Thirdly, the term Mormon distinguishes one's cultural heritage and personal philosophy as LDS from Catholicism and Protestantism. In a Midnight Mormons episode (for November 2021) they discussed changing their podcast name and removing the word Mormon. A commenter named Liberty LLama responded, "I think that calling yourself a Mormon really draws a line in the sand of where you stand, and what you believe. When we call ourselves Christians. The assumption is that we believe in an immaterial god, and a three in one god." That is exactly right.
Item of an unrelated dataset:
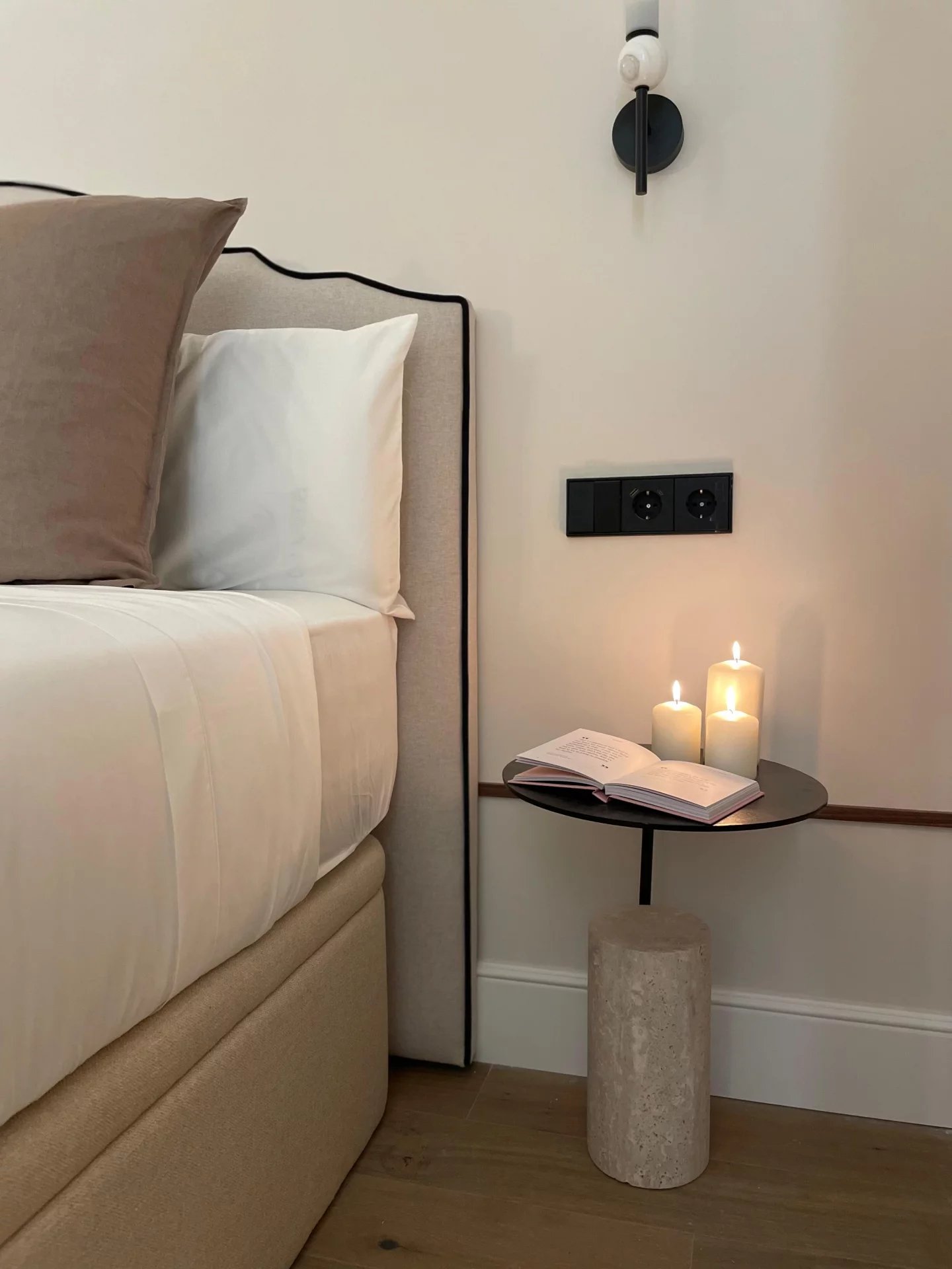 The night area includes four large bedrooms and three bathrooms, giving the back bedroom to a courtyard.

When someone says to me, "I'm a Christian." I really don't know what they mean. Are they an Evangelical Fundamentalist Christian? Are they Catholic? Are they an Episcopalian? So nowadays that term really does not clarify anything specific. The one thing that phrase "I'm a Christian" does mean to me is that they likely hold the view that God is this vaporous no-thing, there is no feminine Divine, no Heavenly Mother or female angels (only a single dad and celibate son and all male angels), and people are consigned to eternal torture for thoughtcrime. As that is what is usually entailed with the designation of Christian as I've encountered it. So saying "Mormon" avoids that with Joseph Smith rejecting an eternal hell with his Three Degrees of Glory and his other universalistic theologies and rituals. It makes it clear where you stand philosophically and theologically. And yes it's true that Mormons do have a different Jesus than the sectarian creeds. There's even an academic book called The Mormon Jesus: A Biography by John G. Turner.
As I cover in this blog, Joseph Smith's "more good" theology moved away from the despising of the body found in puritanical sectarianism. To use the term Mormon not only calls to mind a character in The Book of Mormon (scripture other Christian sects don't have), and distinct LDS theologies different from the sectarian Creeds; but also calls to mind a Life Philosophy that embraces joy in the body and a sex positive attitude: that grew out of Joseph Smith's jovial nature and "people person," joyful, personality; which comes through in his thinking and philosophizing; which is distinctly different from the personalities and thinking processes of Augustine, Luther, and Calvin.